Just then Brad blew in on a chilly November wind. Bent to pat Ginger and Willie.
“Rudolph is snug in his stall,” Brad said. “Having some oats.”
“Rudolph?” Meg asked, momentarily distracted.
Olivia was relieved. She and Meg were very good friends, as well as family, but Meg was half again too perceptive. She’d figured out that something was bothering Olivia, and in another moment she’d have insisted on finding out what was up. Considering that Olivia didn’t know that herself, the conversation would have been pointless.
“Liv will be here for Thanksgiving,” Brad told Meg, pulling his wife against his side and planting a kiss on the top of her head.
“Of course she will,” Meg said, surprised that there’d ever been any question. Her gaze lingered on Olivia, and there was concern in it.
Suddenly Olivia was anxious to go.
“I have two million things to do,” she said, bending over the playpen to tickle Mac, who was kicking both feet and waving his arms, before heading to the front door and beckoning for Ginger.

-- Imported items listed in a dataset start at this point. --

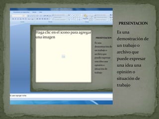 El documento presenta una guía sobre las características y funciones básicas de Microsoft PowerPoint. Explica que PowerPoint permite crear presentaciones para compartir ideas u opiniones. Describe las vistas, reglas, objetos, tablas, gráficos, animaciones y autoformas que ofrece el programa para organizar y dar vida a las presentaciones de manera flexible y atractiva.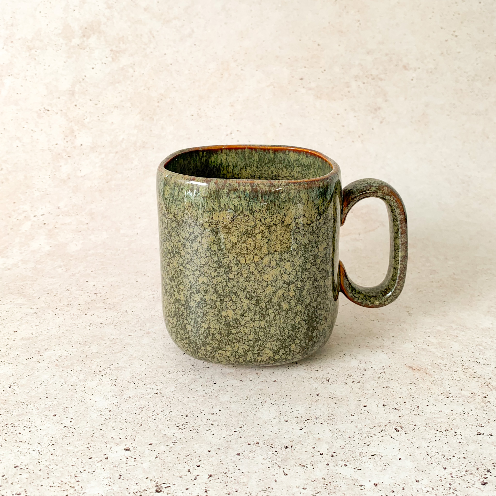 Tazza in ceramica con forma squadrata rifinita con “smalto reattivo” che rende unico l’assorbimento della luce e mette in risalto uno spettro di colori sfaccettato che varia dal marrone al grigio.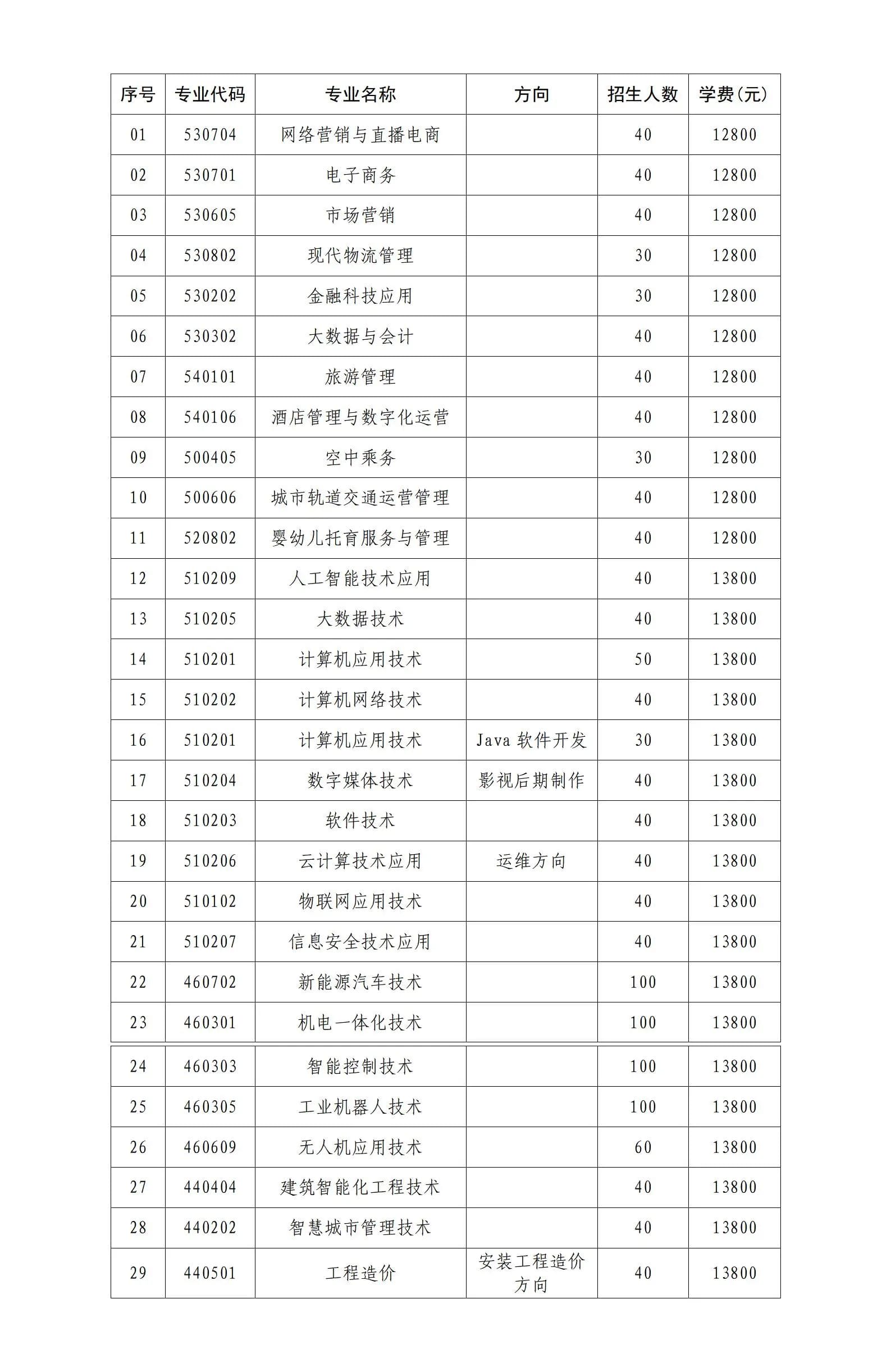 1.2024年学校单独考试招生专业、计划及学费详表(附后)。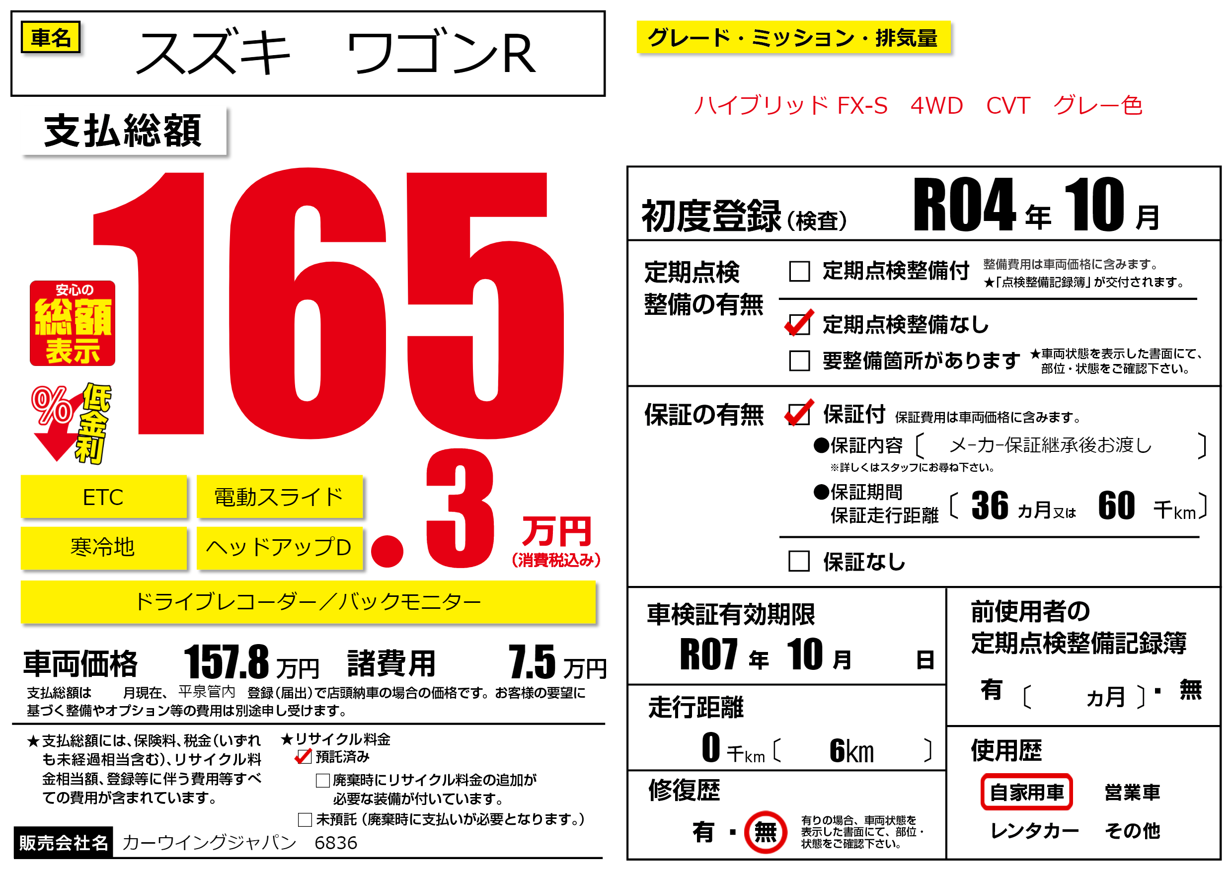 | 車名 | スズキ ワゴンR | グレード ミッション 排気量 |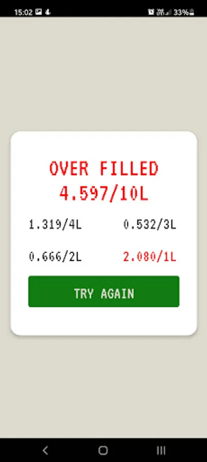 There are 4L, 3L, 2L and 1L. Refill each bottle, but do not exceed the limit. Try to fill in exactly 10 liters

“We’ll see you tomorrow at the ground-breaking ceremony,” Meg said, smiling and giving Brad an affectionate jab with one elbow. “We’re expecting a big crowd, thanks to Mr. Country Music here.”

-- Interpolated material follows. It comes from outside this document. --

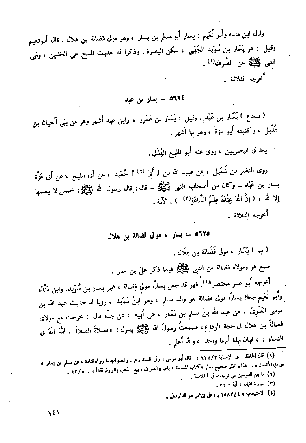 أَخْرَجَهُ أَبُو عُمَر مختصرا [٤] . فهو قد جعل يسارا مولى فضالة، غير يسار بن سويد. وابن منده وَأَبُو نعيم جعلا يسارا مولى فضالة هُوَ والد مسلم، وهو ابن سويد، رويا لَهُ حديث عبد الله بن موسى العلوي، عن عبد الله بن مسلم بن يسار، عن أبيه، عن جده قَالَ: خرجت مع مولاي فضالة بن هلال فِي حجة الوداع، فسمعت رسول الله صلى الله عَلَيْهِ وسلم يقول: «الصلاة الصلاة، الله الله فِي النساء» ، فبان بهذا أنهما واحد، والله أعلم.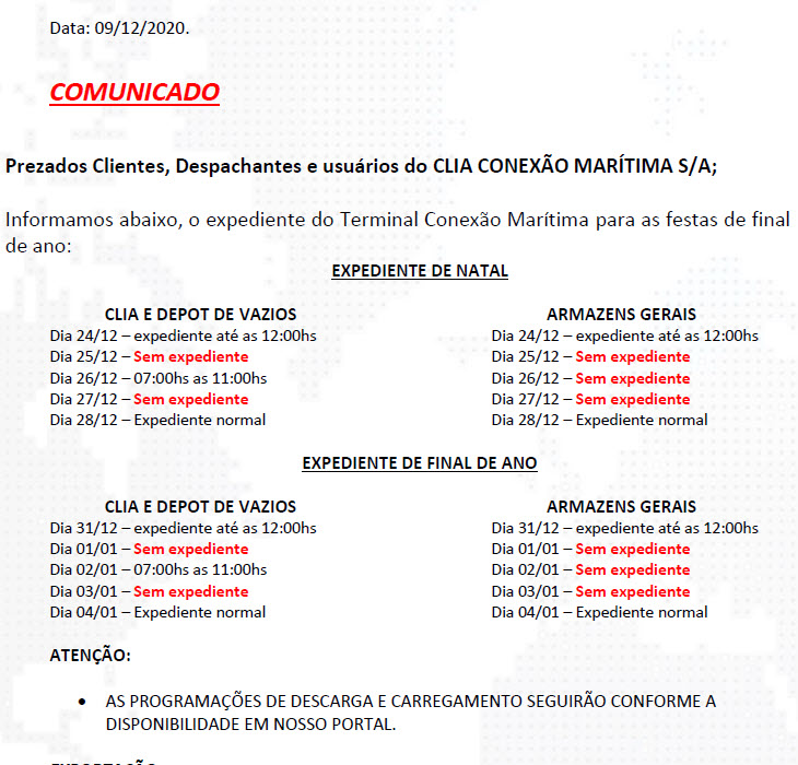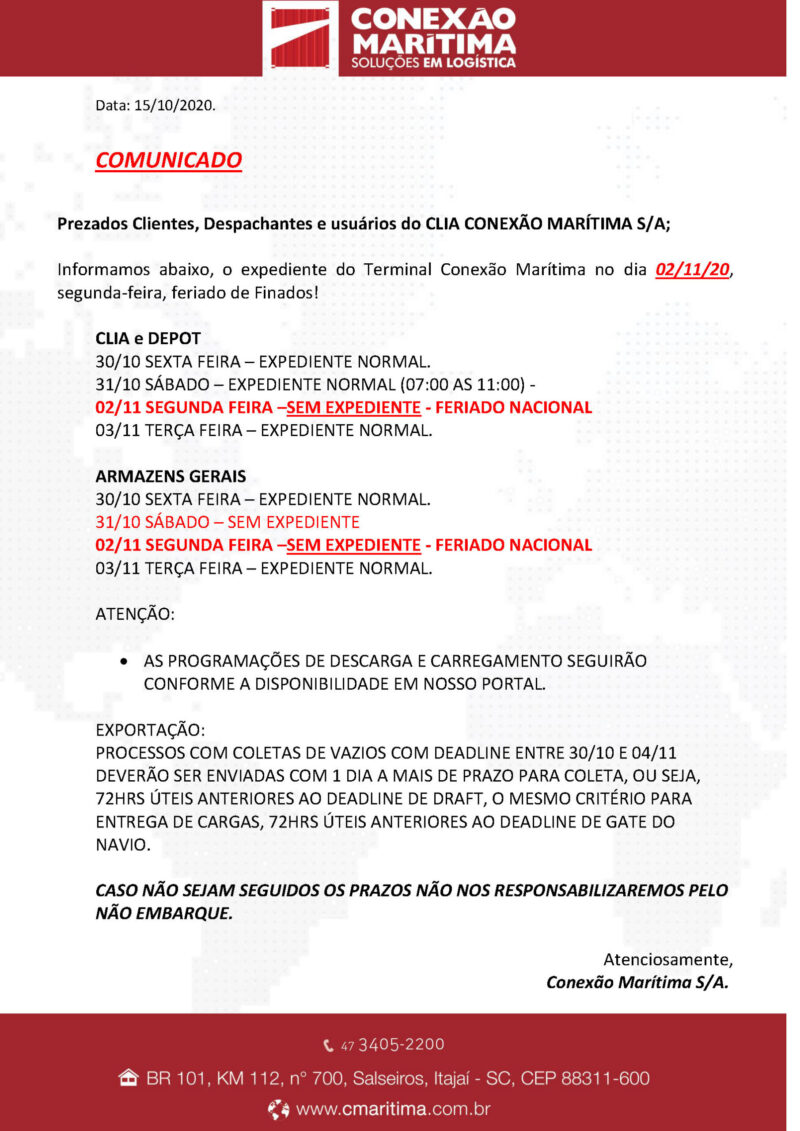 Tarifário Conexão Marítima – CLIA Atualizado em: 25/10/2025 – Vigência: Jun/2025 a Dez/2025

Olivia laughed at the face Brad made, but then she recalled that Tanner Quinn would be there, too, and that unsettled feeling was back again. “The ground’s pretty hard, thanks to the weather,” she said, to cover the momentary lapse. “Let’s hope Mr. Country Music still has the muscle to drive a shovel through six inches of snow and a layer of ice.”
Brad showed off a respectable biceps, Popeye-style, and everybody laughed again.

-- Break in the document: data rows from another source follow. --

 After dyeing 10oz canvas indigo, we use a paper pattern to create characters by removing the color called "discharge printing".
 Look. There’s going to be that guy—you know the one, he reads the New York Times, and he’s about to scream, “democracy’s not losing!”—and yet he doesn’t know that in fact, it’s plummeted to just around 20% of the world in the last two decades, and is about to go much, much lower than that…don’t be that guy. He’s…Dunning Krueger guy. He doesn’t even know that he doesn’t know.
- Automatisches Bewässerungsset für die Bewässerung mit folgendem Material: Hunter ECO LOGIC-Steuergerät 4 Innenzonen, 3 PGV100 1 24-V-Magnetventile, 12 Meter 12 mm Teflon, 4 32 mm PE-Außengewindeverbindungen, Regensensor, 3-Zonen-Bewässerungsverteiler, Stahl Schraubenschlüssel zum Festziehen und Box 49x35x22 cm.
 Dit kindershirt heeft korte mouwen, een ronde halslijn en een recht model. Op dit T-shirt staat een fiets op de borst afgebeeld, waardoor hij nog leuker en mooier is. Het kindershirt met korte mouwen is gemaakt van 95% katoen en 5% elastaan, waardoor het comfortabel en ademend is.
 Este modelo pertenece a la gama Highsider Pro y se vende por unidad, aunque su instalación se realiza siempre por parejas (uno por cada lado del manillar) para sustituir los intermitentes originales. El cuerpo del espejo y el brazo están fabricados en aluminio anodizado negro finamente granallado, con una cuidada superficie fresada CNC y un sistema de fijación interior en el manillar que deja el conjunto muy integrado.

“I’ll walk you to the truck,” he said, when Olivia would have ducked out without further ado.
He opened the driver’s door of the Suburban, and Ginger made the leap, scrabbling across to the passenger seat. Olivia looked at her in surprise, since she usually wasn’t that agile, but Brad reclaimed her attention soon enough.
“Is everything okay with you, Livie?” he asked. He and the twins were the only people in the world, now that Big John was gone, who called her Livie. It seemed right, coming from her big brother or her sisters, but it also made her ache for her grandfather. He’d loved Thanksgiving even better than Christmas, saying he figured the O’Ballivans had a great deal to be grateful for.
“Everything’s fine,” Olivia said. “Why does everybody keep asking me if I’m okay? Meg did—now you.”
“You just seem—I don’t know—kind of sad.”
Olivia didn’t trust herself to speak, and suddenly her eyes burned with moisture.
Brad took her gently by the shoulders and kissed her on the forehead. “I miss Big John, too,” he said. Then he waited while she climbed onto the running board and then the driver’s seat. He shut the door and waved when she went to turn around, and when she glanced into the rearview mirror, he was still standing there with Willie, both of them staring after her.